Bitcoin can be as bad for the planet as beef
Bitcoin mining’s climate impact is comparable to raising cattle or burning gasoline when taken as a proportion of market capitalization, according to researchers at the University of New Mexico in Albuquerque.
Cryptocurrency mining is energy intensive because it requires highly specialized computers – and most of the electricity it consumes is generated by burning planet-warming fossil fuels. The climate-related economic damage caused by mining the popular digital token, bitcoin, exceeded its market value on 6.4% of the days it traded between 2016 and 2021, the paper published in Scientific Reports found on Thursday.
The study calculated the climate costs of mining bitcoin against its average market price, comparing it to other commodities such as crude oil, gold or beef. This means that the results do not reflect total emissions from these industries, which would be far greater, but their relative impact.
The climate impact of gold mining, to which bitcoin is often compared, is just 4% of the average market price in an average year, compared to 35% for the world’s most popular cryptocurrency between 2016 and 2021. And the environmental impact has grown as the cryptocurrency market has matured, which questions the sector’s general sustainability.

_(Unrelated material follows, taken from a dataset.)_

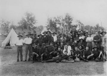 | Keywords: StateLibQld 2 389373 Regiment of light-horsemen at an army camp near Mundoolun, 1909.jpg supplied with photograph 1909 handle 10462/deriv/192145 Item is held by John Oxley Library State Library of Queensland Stark Will PD-Australia StateLibQld-License Military buildings in Australia Military uniforms of Australia Black and white photographs Australian Light Horse 1909 in Australia Australian Army 20th-century cavalry | ||||

“While proponents have offered (bitcoin) as representing ‘digital gold’, from a climate damage perspective it functions more like ‘digital crude oil,'” the researchers said, signaling the need to find more efficient ways to produce tokens, or to increase regulation.
Bitcoin mining, which represents about 41% of the global cryptocurrency market, consumed more energy than was used to power entire countries like Austria or Portugal in 2020. The mining of bitcoin, ether, litecoin and monero coins generated 3 to 15 million tonnes of carbon dioxide emissions from January 2016 to June 2018, according to research cited by the paper. This corresponds to the emissions from Afghanistan, Slovenia or Uruguay in 2018.
Bitcoin’s carbon footprint also grows over time because, in order to mine new coins, more miners compete to verify transactions on the blockchain. The fact that an ever-increasing number of miners are competing to solve increasingly difficult operations means that overall energy use is increasing.
That’s why a bitcoin mined in 2021 would have emitted about 113 tonnes of CO2 equivalents – 126 times more than one mined in 2016, according to the researchers. The paper estimates the economic value of this damage at $11,314 for a single bitcoin mined last year, while the value of total climate damage generated by all bitcoins mined between 2016 and 2021 could have been as high as $12 billion.
In recent months, shrinking profit margins from bitcoin mining have pushed miners to operate more efficient machines — a move that has resulted in a drop in greenhouse gas emissions from the industry, according to another report earlier this week. Emissions this year are estimated to be 14.1% lower than in 2021, representing about 0.1% of human emissions globally, and about half of what gold miners generate in absolute terms.
Cryptocurrency miners are also increasing their efforts to source a greater proportion of the energy they use from renewable sources such as geothermal energy, water, solar and wind. Researchers at the University of Albuquerque ran a simulation and concluded that if renewable energy such as wind and solar had represented 88.4% of the total amount of power used to mine bitcoin between 2016 and 2021, climate damage would have dropped to just 4% of the average market price.
Another way to reduce the climate impact is to switch to another mechanism for verifying transactions – and producing coins. Ether, the second-largest cryptocurrency, moved this year to a mechanism called Proof of Stake, which the study said should reduce its estimated energy use by more than 99%.